Friday, July 20, 2012

Between Satan, St. Paul and St. Louis--John Fullbright at Knuckleheads KC



Last night, John Fullbright played a beautiful show to a packed (albeit small) room at KC's Knuckleheads. Alternating between guitar and keyboard (harmonica with both), he vamped and improvised more than I'd ever seen him do before, which added to the sense of risk that made the show intimate. He played close to a two hour set without even touching a couple of fan favorites, but there was no hint anyone left unsatisfied (emotionally drained is closer to right, but it was energizing as well).

He told a lot of stories, was far more chatty than I've ever seen him, and the audience ate it up.  He told a framing story for the song "Fat Man" that was both touching and funny--it was a deceased friend of a friend's somewhat bizarre only published poem that Fullbright just had to finish as a song (and he had to kill the protagonist in the bargain). He did several gorgeous covers, including one Jimmy Webb and one Fats Waller (oh, and one by fellow Oklahoman Tom Skinner simply because Tom Skinner was playing on the main stage--it fit Fullbright's set like he did it every night).  He ended with one of my favorites off of his new album which I had yet not heard him play live, "Song for a Child."

For what it's worth, "Song" is such an exquisitely delicate and personal conversation written for the singer's nieces and nephews (you could think of Steve Earle's "Little Rock and Roller" as walking a similar line) that people might write it off as sentimental. I think it's one of the finest songs in this young musician's fine body of work.  Following not long after "Daydreamer," both live and on album, it reinforces what politics should flow from that universal human compassion we feel toward children. Of every human, he declares, "You remain a child forevermore." And the song says what that asks of us in our relations with each other.

There were so many fine moments that I want to go on and on, but I probably shouldn't. This is just the beginning of what Fullbright will do on stage.

I will say something about "Satan and St. Paul." After the first verse of the song, Fullbright went into a wordless cry, moaning the melody and harmony counterpoints to the melody (or at least that's how I hear it in my memory). He did this several times throughout the night, creating various tightrope moments.  But for this song, it was essential to getting at the drama of the thing. It was, at once, beautiful and a little scary, like he was walking a very delicate line and being pulled off of it.  He could--almost certainly would--fall wrong either way.
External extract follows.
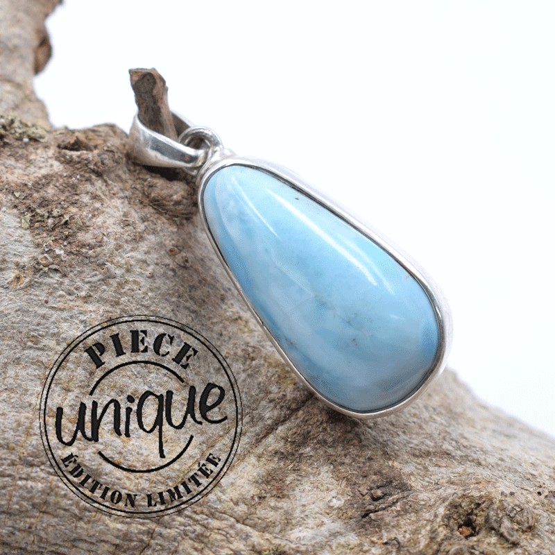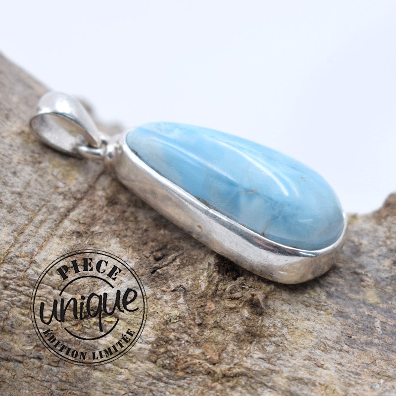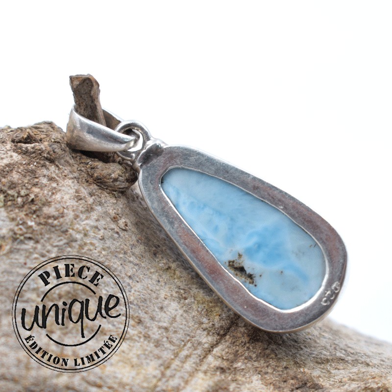 Pendentif Larimar serti argent.

That moment set the stage for the struggle between two personalities (in one) that the song is, and the whole song, then, became more shattering than I've ever heard it.

I saw a room full of people who looked the way I felt.

An hour after the show was over, Fullbright was still talking to the last of a long line of people buying his CDs. He'd more than earned the sales, but the first night of several solo weeks on the road, his work was just getting started.